4G or not 4G? The telecoms standards boffins in charge of 4G have ruled WiMax and LTE don't make the grade.

Richard Trenholm Former Movie and TV Senior Editor
Richard Trenholm was CNET's film and TV editor, covering the big screen, small screen and streaming. A member of the Film Critic's Circle, he's covered technology and culture from London's tech scene to Europe's refugee camps to the Sundance film festival.
Expertise Films, TV, Movies, Television, Technology
Richard Trenholm
2 min read

The next generations of phone network haven't made a big enough advance to qualify as 4G, according to a global telecoms standards body. The International Telecommunication Union Radiocommunication Sector (ITU-R) has ruled that neither WiMax or LTE, the technologies currently loosely marketed as 4G, aren't sufficiently faster than 3G to be worthy of the extra digit.

The ITU has decided what kind of peak data speeds a network must be able to hit to qualify for the IMT-Advance standard, the official name for 4G. A network's data rates must hit 100Mbps for high-mobility access like surfing the Web while out and about, and 1Gbps for low mobility like local wireless access. The current top-speed systems available to consumers, WiMax and LTE, don't make the grade: only LTE-Advanced and the next generation of WiMax will qualify as 4G.

LTE-Advanced and WiMax 2 will be the first networks to be based entirely on data rather than carrying a combination of voice and data.

Neither technology is on sale yet, but they're in the post: products using WiMax 2 should launch late next year after the underlying technology -- WirelessMAN-Advanced, also known as IEEE 802.16m -- is ratified this year. Still, consumers won't actually be using either technology until 2014 or 2015. Currently, LTE, or Long-Term Evolution, looks like the front-runner.

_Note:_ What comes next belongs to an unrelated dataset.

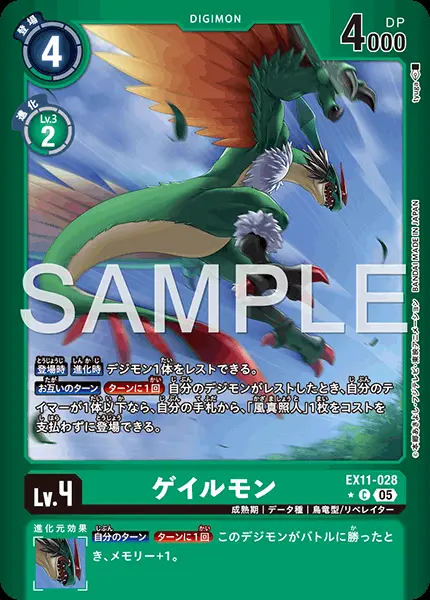 | 上段テキスト [効果] 【登場時】【進化時】デジモン1体をレストできる。 【お互いのターン】[ターンに1回]自分のデジモンがレストしたとき、自分のテイマーが1体以下なら、自分の手札から、「風真照人」1枚をコストを支払わずに登場できる。 下段テキスト [進化元効果] 【自分のターン】[ターンに1回]このデジモンがバトルに勝ったとき、メモリー+1。 | ||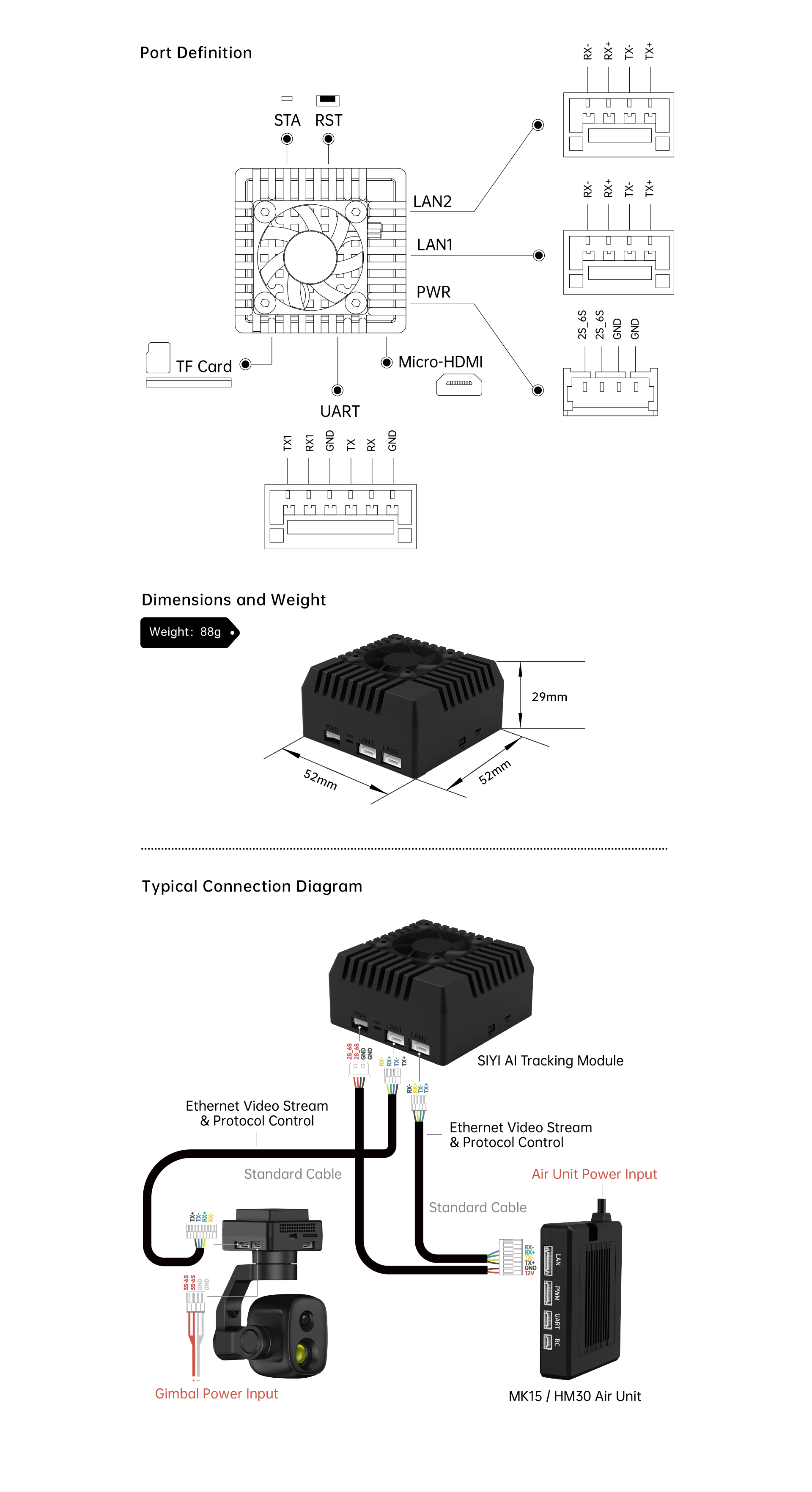 SIYI Al tracking module supports collaborative control with SIYI optical pods (gimbal cameras) to achieve real-time tracking and capture of targets and can highlight the subject in the picture through real-time focus and zoom. During the tracking process, if the target is blocked or briefly leaves the monitoring screen, Al tracking module can automatically recognize and continue tracking when it re-enters the monitoring screen Integrate attitude data between SIYI optical pod (gimbal camera) and flight controller, and switch the flight mode to guided mode to turn on the target follow function

TeliaSonera has launched LTE in selected Scandinavian cities, while Verizon plans to launch its LTE network stateside before the end of the year. Meanwhile we haven't got much further than individual trials of LTE or WiMax, including in Slough. The 4G label will still hang around despite the ITU's decision, as it's something of a marketing buzzword. What else are they going to call it -- 3-and-a-bit-G?